Friday, October 2, 2009

David Letterman outs himself re workplace affairs.

I just watched David Letterman confess having workplace affairs with female LATE SHOW staffers (and a producer of CBS' 48 HOURS trying to blackmail him for $2 million regarding this subject was arrested yesterday).

Having found this out before tuning into the show, the monologue--which included jokes about Roman Polanski, Mark Sanford and businessmen bringing their wives on business trips (relating somehow to Barack and Michelle Obama working together to bring the Olympics to Chicago)--was a bit creepy.

And so was the Paul Shaffer choice for play-in, play-out-of-commercial music:
The Rolling Stones' "Bitch."

A key lyric of the above song: "Love...is a bitch."
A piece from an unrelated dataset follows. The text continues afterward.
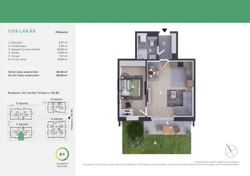 Projekt bemutatásaA Daisy Liget Zugló csendes részén épül, közel a Bosnyék térhez. A megújult kertvárosias környezet a pesti oldal egyik legkedveltebb részei közé tartozik, az itt élők egyszerre élvezhetik a csöndes kis utcák nyugalmát és a belváros közelségét. A Bosnyák téren mindent megtalálunk ami a hétköznapi élethez szükséges: a Zenit corso bevásárlóközpontot, a Bosnyák téri piacot, patikát, éttermeket és kávézókat.Számos óvodát, általános iskolát, játszóteret és sportközpontot is találunk a 10 perces sétatávolságon belül.A társasház különleges homlokzatával, egyedi fiatalos dizájnjával, kiemelkedik a környező épületek közül. A 4 emelet magas, szellősen elhelyezett épületek tökéletesen illeszkednek a környéken jellegzetes, előkertes kialakítású épületekhez.Figyelembe véve a jövő elvárásait, a társasház modern, környezetbarát, mennyezeti hűtő, -fűtő rendszerrel ellátott.Vevőinknek lehetőségük nyílik, hogy új otthonukat az utolsó részletig személyre szabják: változtathatnak az ingatlann elosztásán, széles kollekcióból választhatnak meleg- és hideg burkolatokat, szanitereket. Az alapáras burkolatokon felül, elérhetőek feláras termékek is, mely biztosítja, hogy olyan lakásban lakjanak mit megálmodtak maguknak.A fizetési ütemezés: 10-90%A jelen adatok tájékoztató jellegűek, ezért a Beruházó (sem a hirdető) azok változásával, vagy bármely attól való eltéréssel kapcsolatban semmilyen kötelezettséget, vagy felelősséget nem vállal.Az alaprajzokon ábrázolt berendezési tárgyak és bútorok, a burkolatok megjelenése nem képezi a szerződés tárgyát. A pontos felszereltségről a műszaki leírásban olvashat bővebben.Az aktuális lakáskínálatról és árakról érdeklődjön telefonon!

[Guessing that Bill Carter, who wrote THE LATE SHIFT (about Letterman and Leno jockeying to be The One to sit in Johnny Carson's vacant TONIGHT SHOW host's chair), won't have any trouble pitching a LATE SHIFT II to publishers.]
UPDATE as of October 6th:
Dave tried a second pass at an apology/explanation, and he's still upset about the extortion attempt. One fairly deft joke about how he can no longer do Bill Clinton/Mark Sanford material. Some contrition towards wife Regina. And, sort-of reversing a "they're welcome to come forward" comment the first time around, expressing worry for the staffers receiving attention from the media.

Short of any smoking guns related to sexual harassment and/or hush money (although it's being revealed that Letterman's involvement with assistant/occasional on-air foil Stephanie Birkitt continued after his marriage to Regina), I'm guessing this is the last on-the-show statement before Robert Joe Halderman's trial.